En réalité, la proposition de rendre le travail obligatoire s’apparente à la restauration du bagne. Les services généraux des prisons étant déjà pourvus en main d’œuvre captive et les entreprises contractantes ne pouvant offrir de l’emploi à tous les prisonniers, les postes de travail à créer seraient soit dans le secteur privé à rémunération minimale, soit d’intérêt général sans rémunération.

La proposition de loi changerait la situation des personnes occupant des postes existants. Le système actuel est fondée sur un salaire auquel on applique des retenues : cotisations sociales (assurance chômage exceptée), retenue pour parties civiles et pécule de sortie. On renverserait les priorités : le détenu ne toucherait que ce qui reste après l’indemnisation des victimes et une contribution aux frais d’incarcération. Dans la plupart des cas, il ne percevrait rien et travaillerait gratuitement sous un statut qu’on pourrait caractériser d’esclavage pénal.

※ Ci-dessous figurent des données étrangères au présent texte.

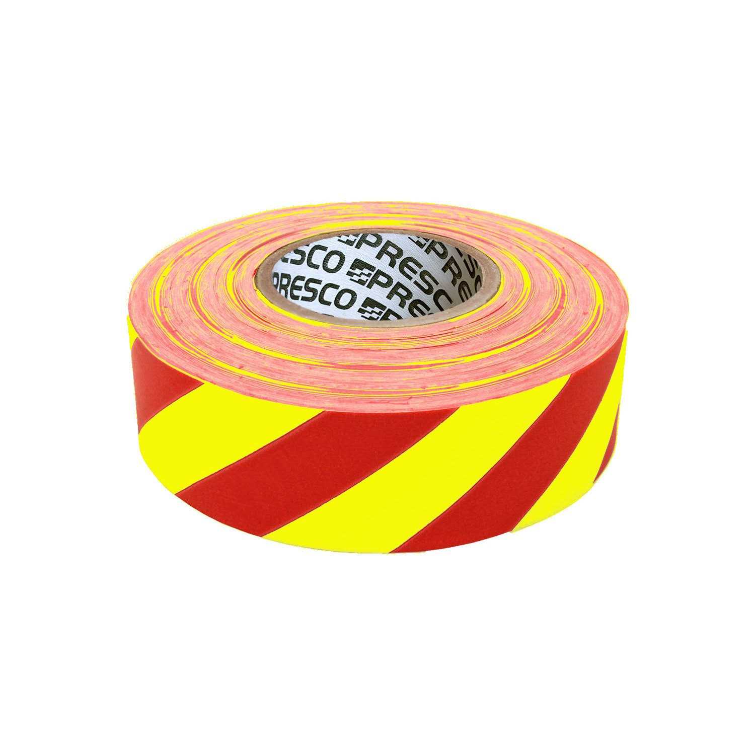 Presco Stripe Patterned Roll Flagging Tape is a non-adhesive, non-embossed tape used for surveying, trail marking and other industrial applications like construction, forestry, hardware, oil exploration, nursery, mining, and geophysics. Highly visible for maximum distinctiveness, Presco Stripe Patterned Roll Flagging tape is the most durable, longest-lasting outdoor flagging tape available in the marketplace. Easy identification and easy to use – just tie and untie. Presco Day/Night Stripe Patterned Roll Flagging Tape is formulated with an exclusive nighttime visibility silver ink combined with their economical roll flagging tape provides a cost-effective and disposable solution to your nighttime needs. In the dark, when a beam of light is directed at the stripes, light bounces back towards the source for enhanced nighttime visibility. Presco Stripe Patterned Roll Flagging tape is extruded PVC film and made in the USA. Since Presco controls the manufacturing process of the flagging tape, they are able to custom formulate the PVC film with added plasticizer packages which yield maximum physical properties including tensile strength, cold crack and UV stability. 13 standard color stripe patterns available with 2.0 mil thickness include Blue/Black, Green/Black, Orange/Black, Red/Black, Yellow/Black, White/Blue, White/Black, White/Green, White/Orange, White/Red, White/Yellow, Yellow/Red, and Yellow/Green. 3 neon PresGlo color stripe patterns available with 2.5 mil thickness include Neon Orange/Black, Neon Pink/Black, and Neon Pink/Light Pink. 2 day/night color stripe patterns available including Red/Silver with 2.0 mil thickness and Neon Orange/Silver with 2.5 mil thickness. Made in the U.S.

La proposition de loi du député Jean-François Mancel s’inscrit dans la droite ligne d’une idéologie rétrograde d’essence manichéenne. La société est partagée entre les gentils et les méchants. Il faut protéger les premiers des seconds en enfermant ceux-ci le plus longtemps possible. Leur détention doit les faire souffrir, pour qu’ils expient leurs crimes. Elle doit servir en priorité à l’indemnisation des victimes . L’enfermement des méchants doit coûter le moins cher possible aux gentils.

L’idée que la peine doive donner aux condamnés l’opportunité de se remettre sur pied et de construire une vie saine est jugée par ce courant de pensée comme une utopie dangereuse et coûteuse. Ce pessimisme sur la capacité des humains à s’amender est profondément triste.